Moving from Operator → Inventor
To sum up, the next generation of marketing leaders in AI / deep tech won’t be those who can flawlessly run demand-gen, SEO, ABM in template forms. They’ll be inventors:
- Diagnose first: understand what is actually working, again and again, even if quietly.
- Invent around those signals. Take the best available insights and build new playbooks.
- Iterate quickly. Measure both quantitative and qualitative signals.
- Build influence & trust as central parts of GTM (go-to-market), not as “nice extras.”
Interestingly, this is what many growth teams have done historically (hacking, experimentation) — but now that narrative / influence / credibility channels are so potent in AI, growth mindset needs to lead marketing as a whole.

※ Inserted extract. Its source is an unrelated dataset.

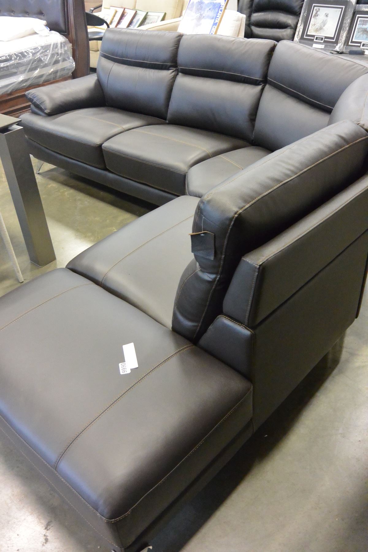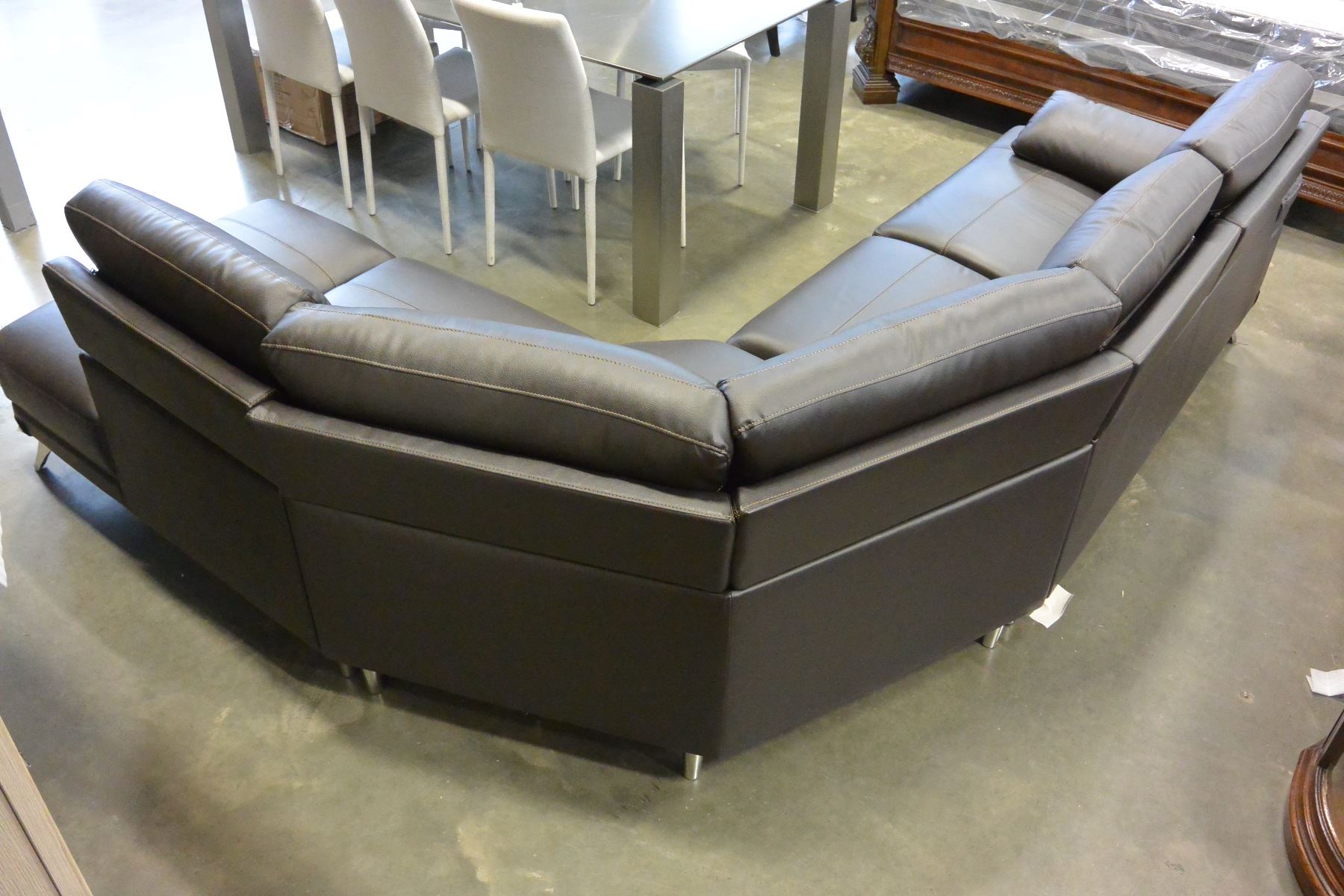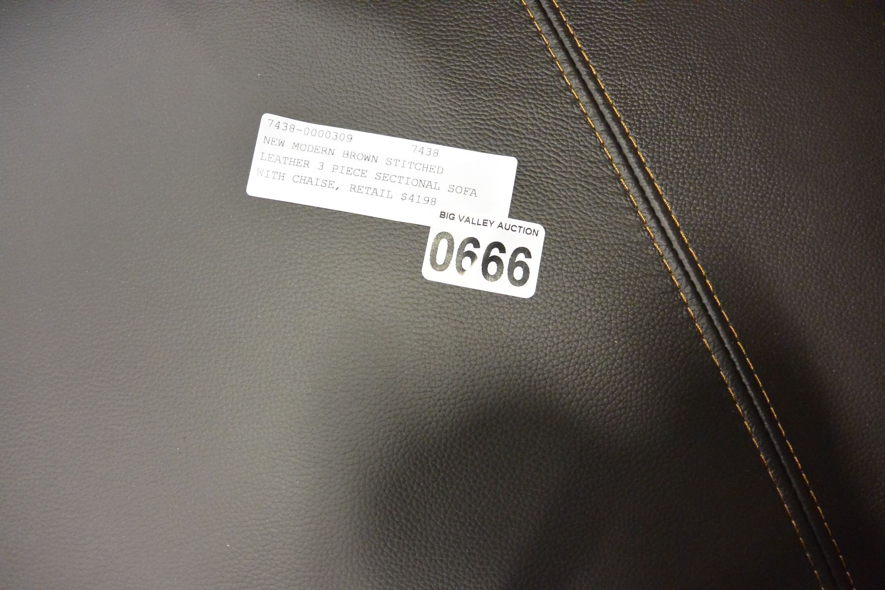NEW MODERN BROWN STITCHED LEATHER 3 PIECE SECTIONAL SOFA WITH CHAISE, RETAIL $4198

In today’s fragmented buyer landscape, where decisions are increasingly shaped by peer influence rather than predictable funnels, “template marketing” no longer works. The founders and CMOs who succeed are those who embrace uncertainty, lean into networks of influence, make the founder’s story visible, and approach growth as a series of disciplined experiments. We’re in the midst of an arms race for attention and trust—early movers who build influence, author the narrative, and intentionally map the ecosystems around them will capture outsized returns.